We follow Chris through four tours and the turbulent home life that results from his being away and the changes brought about by the things he’s witnessed and done. He’s given his all but feels compelled to return for each of the four tours, because he feels the need to protect his comrades. It’s a call of duty his wife can’t understand.
Eastwood delivers his film in an almost flawless way. The movie doesn’t make many moral stands about the Iraq War. He finds a way to leave the politics out of the focus of the story. It’s only in a letter from a fallen brother that we get any of the sense of American conflict over the war. This moment is there mostly to strengthen the Kyle character and the disappointment it leaves him with. The film avoids the cliché battles and stays as focused on his character as his character is on his duty. There are so many temptations to deliver some larger pictures, but American Sniper avoids them at all costs. This is a character study in the tradition of some of Eastwood’s own iconic portrayals.

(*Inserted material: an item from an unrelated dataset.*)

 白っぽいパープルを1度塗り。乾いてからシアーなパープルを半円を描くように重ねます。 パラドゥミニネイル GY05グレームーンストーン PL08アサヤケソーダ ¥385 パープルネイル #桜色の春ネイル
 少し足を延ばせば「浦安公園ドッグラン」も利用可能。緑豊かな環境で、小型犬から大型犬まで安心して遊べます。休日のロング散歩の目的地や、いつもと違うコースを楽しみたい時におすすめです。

It all rests on the shoulders of Bradley Cooper, who put on 40 pounds to beef up for the part. He’s almost unrecognizable beneath the added muscle and Texan accent. This is perhaps his best performance to date. He’s a man who has killed so many that his nickname is Legend. He takes pride, however, not in the number of lives he’s ended, but in the number he has saved. He wears it as a badge of honor that his brothers feel safer with him looking over them. He plays a man who has a solid belief in good and evil and his ability to protect one and rid the world of the other. It’s a dedication that could cost him his family, but he never wavers.
Sienna Miller also delivers her best performance as Taya, Kyle’s wife. It would have been so easy for this character to fall into a cardboard stock character. We’ve all seen the frustrated wife left behind by a hero before. Hell, just watch a couple of episodes of Army Wives to find out how quickly that can become boring. Miller gives us an angst and emotion that ends up matching the power of Cooper when they are together. Any less actress or director would have had the wife in the shadow of such a powerful character. She’s not in the film a lot; after all, this is about a sniper, and we need to see him do what he does best. Still, she makes the most of the screen time she’s given, and it only strengthens the Cooper performance as a result.

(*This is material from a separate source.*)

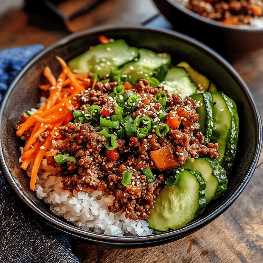 While the beef is cooking, get your serving bowls ready. Place a scoop of cooked rice in each bowl as the base. Then, top the rice with the cooked ground beef bulgogi. Next, arrange the lettuce leaves, cucumber slices, and shredded carrots around the beef in each bowl, making it look colorful and fresh. Finally, sprinkle some extra sesame seeds and chopped green onions on top for a nice touch. Serve with kimchi on the side if you like it spicy, and enjoy your delicious Ground Beef Bulgogi!
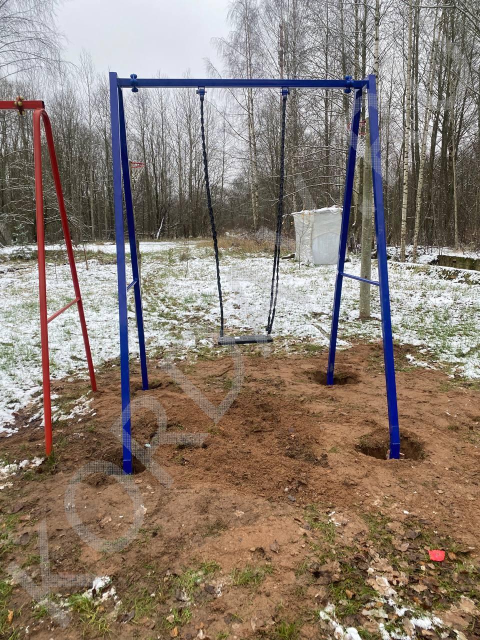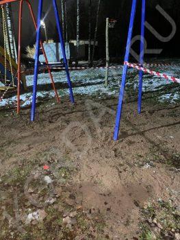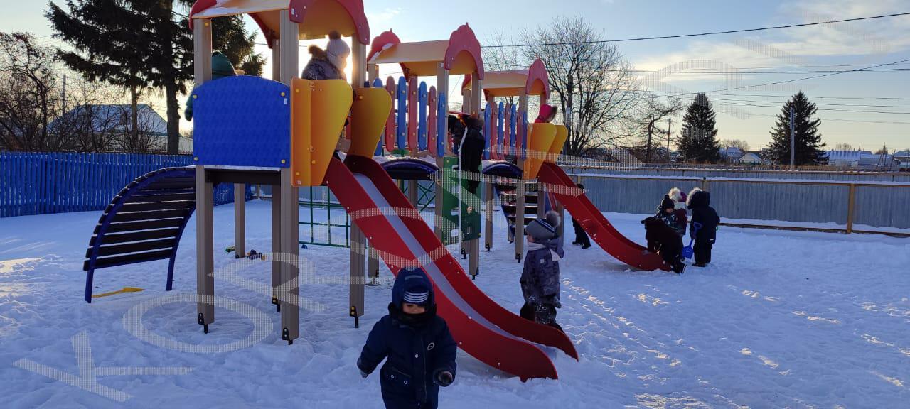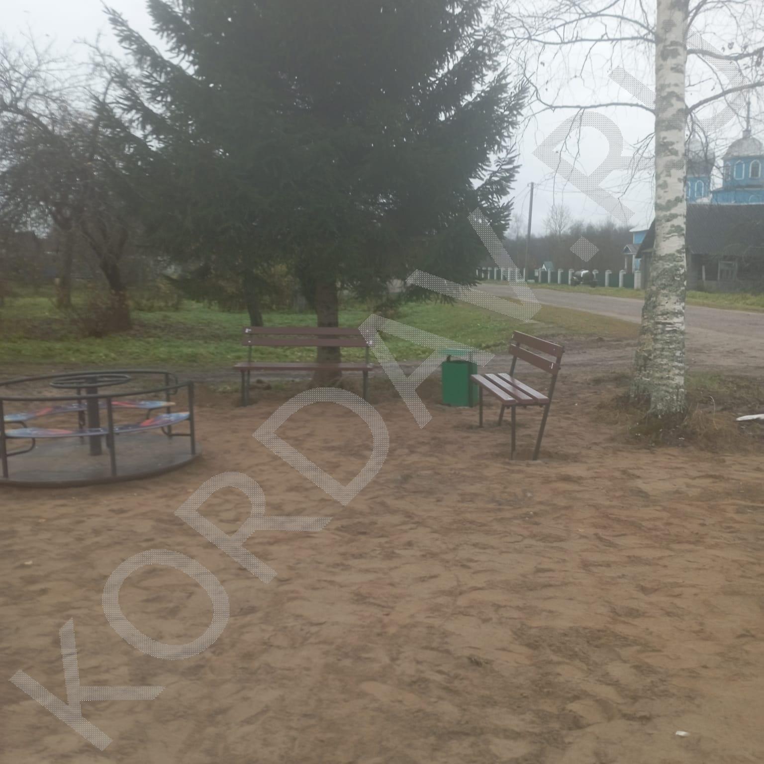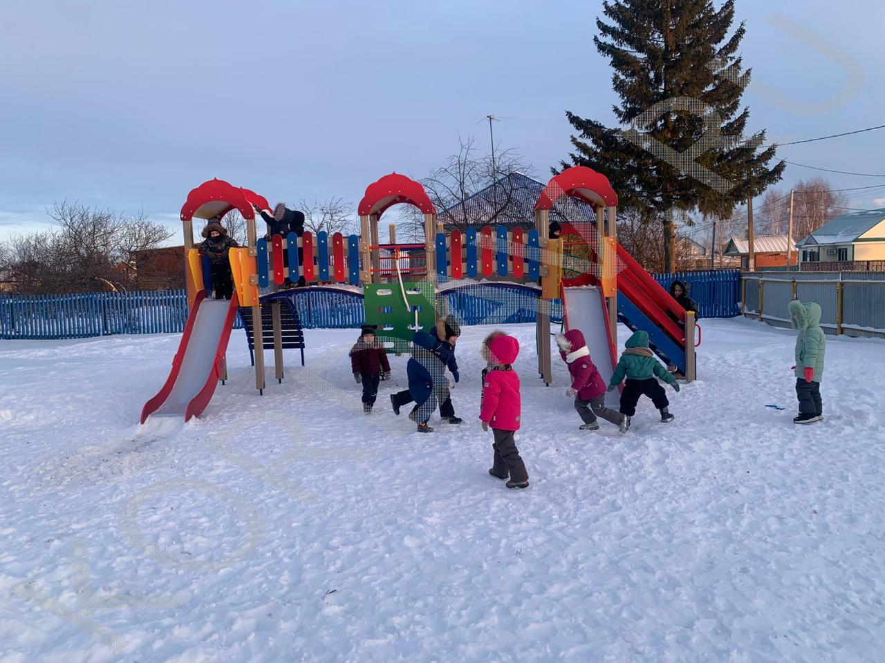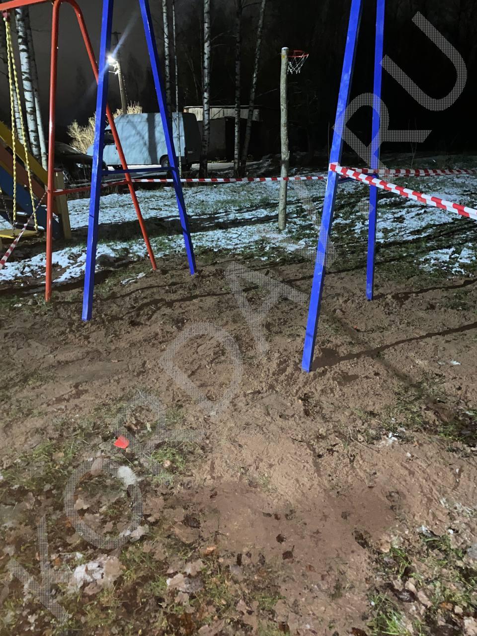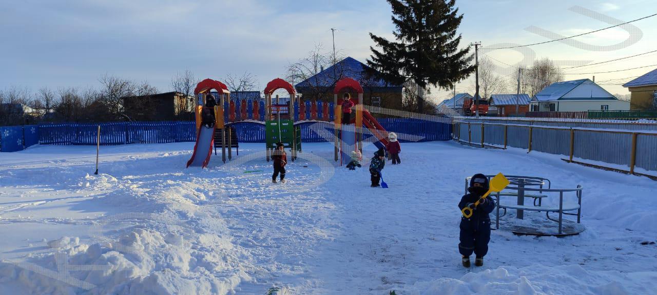 Детская площадка с резиновой плиткой и металлическим ограждением. Использовалось оборудование:

When we see Kyle at work, Eastwood does a wonderful job of building on our anticipation. He never rushes the scene. We find ourselves on that rooftop matching Kyle’s calculated breath and concise movements. Actor and director know how to make us wait just long enough to share in the consequences of each shot. A lesser pair would have rushed the scenes in order to keep the adrenaline going. In the end the adrenaline does indeed deliver, and you’ll find out just how little “action” was necessary to deliver the “hit”.

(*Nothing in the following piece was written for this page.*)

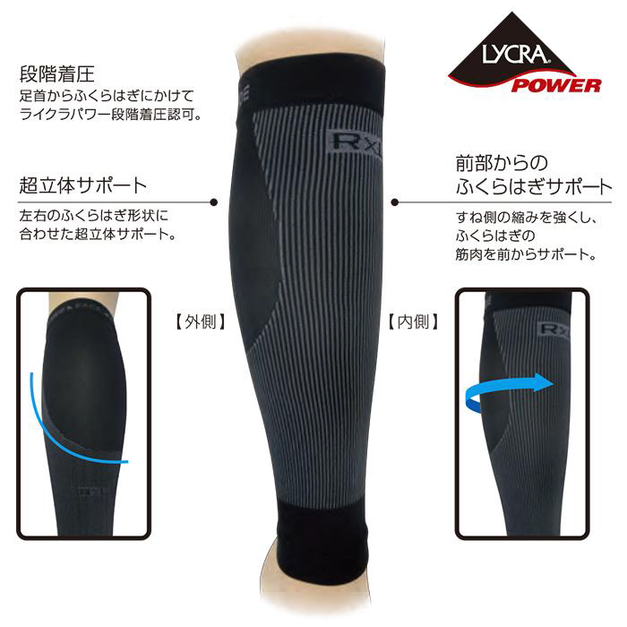 ■持続能力も高く、脛側の特殊な編み構造で、脛側に引きつけ、包み込むようにサポート。
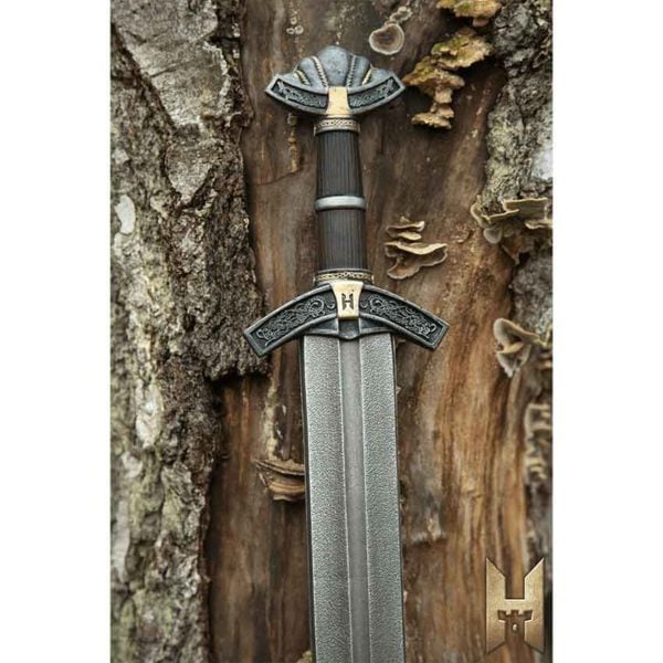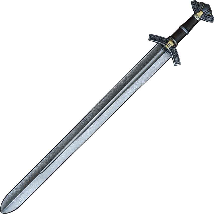 Within the forest, you and your men await the enemy. You shall emerge victorious this day. All of you wield the Steel Dreki LARP Sword in battle. This Stronghold LARP weapon has a lightweight, latex free construction safe for tough combat. The silver-colored blade has double edges with a fuller down its length. Next, the foam sword continues with a curved crossguard. It curves towards the blade. Also, it has the Stronghold emblem in the center. Stylized knotwork adorns the crossguard on either side of the emblem. Then, the handle continues with a brown, wood-like grip. The grip has a silver-colored ring in the center. Finally, the hilt ends with a lobed pommel. It also has stylized knotwork. Both the crossguard and pommel have a silver-coloring with some golden accents. Carry this foam sword into battle. It works with Viking and fantasy characters.

War is more than hell. War is making the tough choices and finding honor in another person’s death. As strange and twisted as that might sound, it’s the message American Sniper delivers to perfection. Kyle believes, and rightly so, that each death meant many more lived. He tells a doctor that he’s completely prepared to meet his creator and answer for each shot he took. It’s unfortunate that he found himself in that position sooner than he should have. American Sniper will keep his memory alive. It’s a fitting tribute and some of the most compelling moments on film you will encounter. There are other Chris Kyles out there. “Looks like plenty soldiers need saving.”